For production deployments, use the WebhookNotifier to alert humans via HTTP when approval is needed. This integrates with Slack, PagerDuty, or any webhook-compatible notification system, ensuring that approval requests are not silently queued without anyone being aware.

func buildProductionManager() *hitl.DefaultManager {
return hitl.NewManager(
hitl.WithTimeout(5 * time.Minute),
hitl.WithNotifier(hitl.NewWebhookNotifier("https://internal.example.com/approvals")),
)
}

The webhook receives a JSON payload containing the full InteractionRequest:

{
"ID": "hitl-42",
"Type": "approval",
"ToolName": "delete_user",
"Description": "Agent wants to delete user account #12345",
"RiskLevel": "irreversible",
"Confidence": 0.85
}

In production, you define a comprehensive policy set that covers all tool categories from most permissive (read-only, auto-approve) to most restrictive (destructive, always human).

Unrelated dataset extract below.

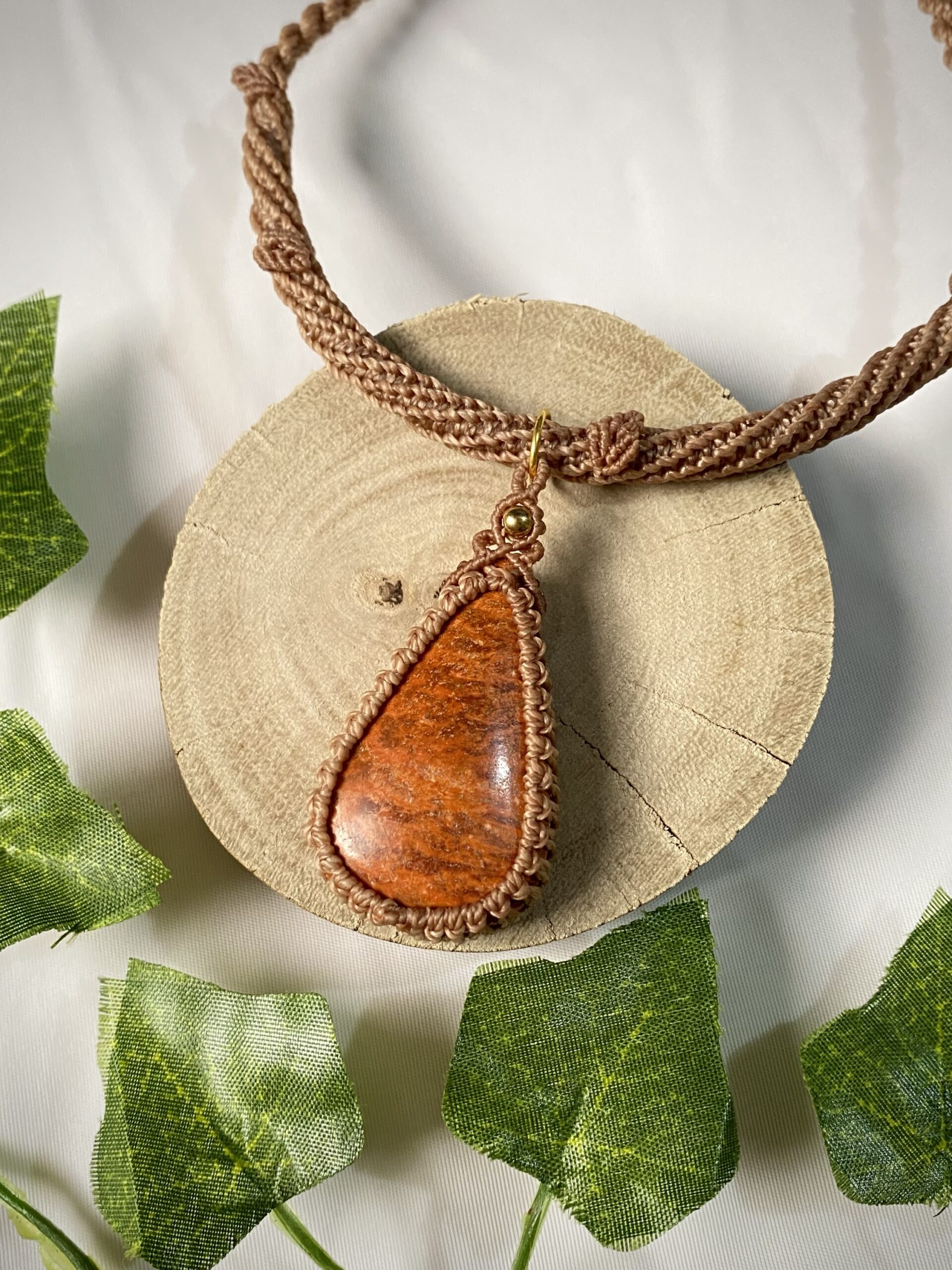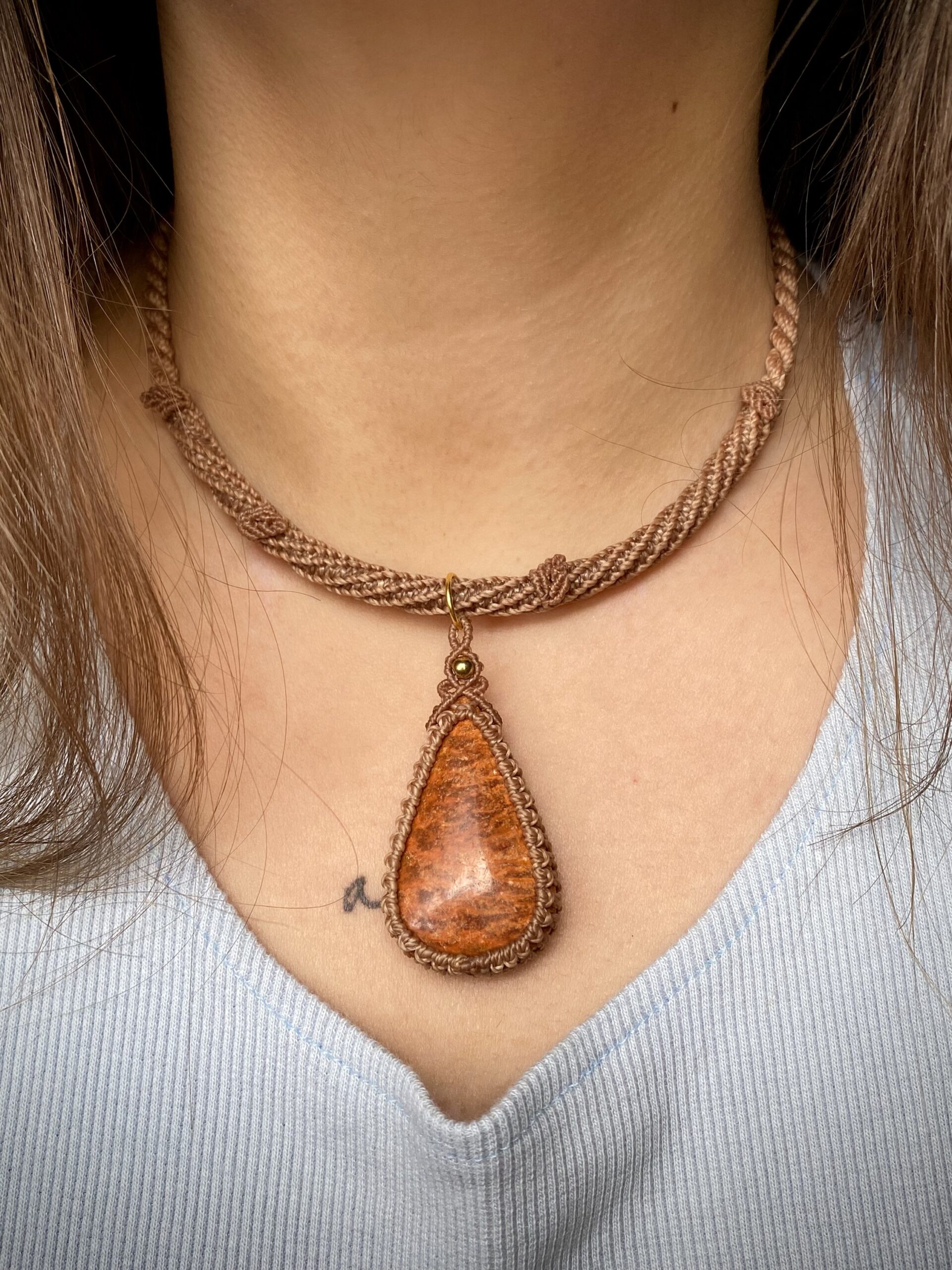 Cada detalhe é feito à mão com a técnica do macramê, valorizando a tradição do trabalho artesanal. O fio, nas cores marrom, bege e claro, cria uma harmonia visual suave, que se conecta perfeitamente com a tonalidade vibrante da pedra.

Policy evaluation uses first-match semantics, so order your policies from most specific to most general. This layered approach ensures that new tools automatically fall into the correct approval tier based on their naming convention.

func configureFullPolicies(mgr *hitl.DefaultManager) error {
policies := []hitl.ApprovalPolicy{
{
Name: "read-auto",
ToolPattern: "get_*",
MinConfidence: 0.5,
MaxRiskLevel: hitl.RiskReadOnly,
},
{
Name: "search-auto",
ToolPattern: "search_*",
MinConfidence: 0.7,
MaxRiskLevel: hitl.RiskReadOnly,
},
{
Name: "update-high-confidence",
ToolPattern: "update_*",
MinConfidence: 0.9,
MaxRiskLevel: hitl.RiskDataModification,
},
{
Name: "delete-always-human",
ToolPattern: "delete_*",
RequireExplicit: true,
},
{
Name: "send-always-human",
ToolPattern: "send_*",
RequireExplicit: true,
},
}
for _, p := range policies {
if err := mgr.AddPolicy(p); err != nil {
return fmt.Errorf("adding policy %q: %w", p.Name, err)
}
}
return nil
}

Policy evaluation uses first-match semantics: the first policy whose ToolPattern matches the tool name determines the outcome. Order your policies from most specific to most general.

  1. Configure a policy that auto-approves get_* tools with confidence >= 0.5.
  2. Call ShouldApprove with get_weather at 0.9 confidence. Verify it returns true.
  3. Call ShouldApprove with delete_file with RequireExplicit. Verify it returns false.
  4. Submit a RequestInteraction and respond with Respond. Verify the blocking call returns.
  5. Test timeout behavior by not responding within the timeout window.